Fly, fly away

A lovely contact from LinkedIn shared beautiful pictures of an empty birds nest she randomly found on her porch after a return from holiday. 

The intricate detail of it made me catch my breath. Nature is remarkable.

I commented that I would be sharing this with my girls and was busy planning a topic day on the subject when the lady responded and said she couldn't wait to read about it.

We had a lovely learning day as a result. We started the topic with a quiz, with me asking the girls related questions about birds, their babies and nests. They looked at the pictures of the nests and were discussing the materials used. 

We watched half a dozen YouTube videos on nests being built, babies hatching, being hand fed and babies learning to fly. 

We cuddled on the sofa together and read a book on pigeons together, dug out the farm set and found the dovecot and birds to visualise it.

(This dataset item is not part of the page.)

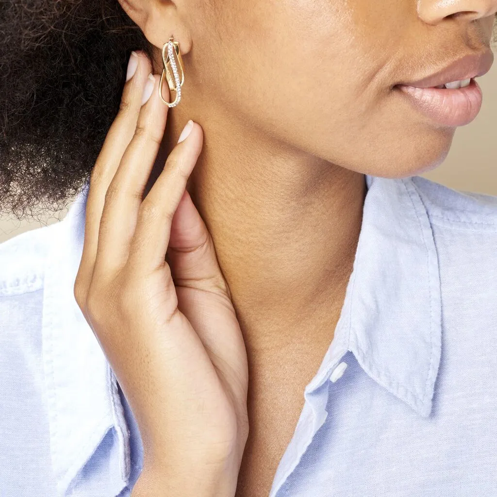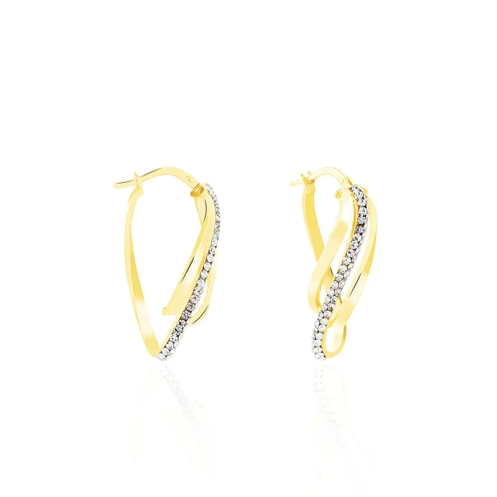 Créoles Or Jaune 375/1000 Trois Fils Carrés Dont 1 Fil Avec Strass Largeur 2mm Diamètre 27x8mm

They learnt about them being kept and used as messengers before the age of phones, which blew their mind! A time before mobile phones! I was surely joking.

Sophia drew a pigeon from the book and was particularly fascinated by the lay out of their toes.

We finished the unit with Sophia writing a short report piece on what she knew about birds, babies and nests.

This all snowballed from a picture shared. Home educating can be that easy. 

They practiced reading, writing, art skills, learnt a little about the historical use for pigeons, learnt life skills in how to save a baby bird if you were to find one, and general information about the topic of nests  and birds. 

I drew the line of feeding them pigeon for their lunch, they had chicken instead and they were shaking the eggs and holding them up to the light to check if there was a chick in them.....this sparked a further investigation into why not all eggs have chicks.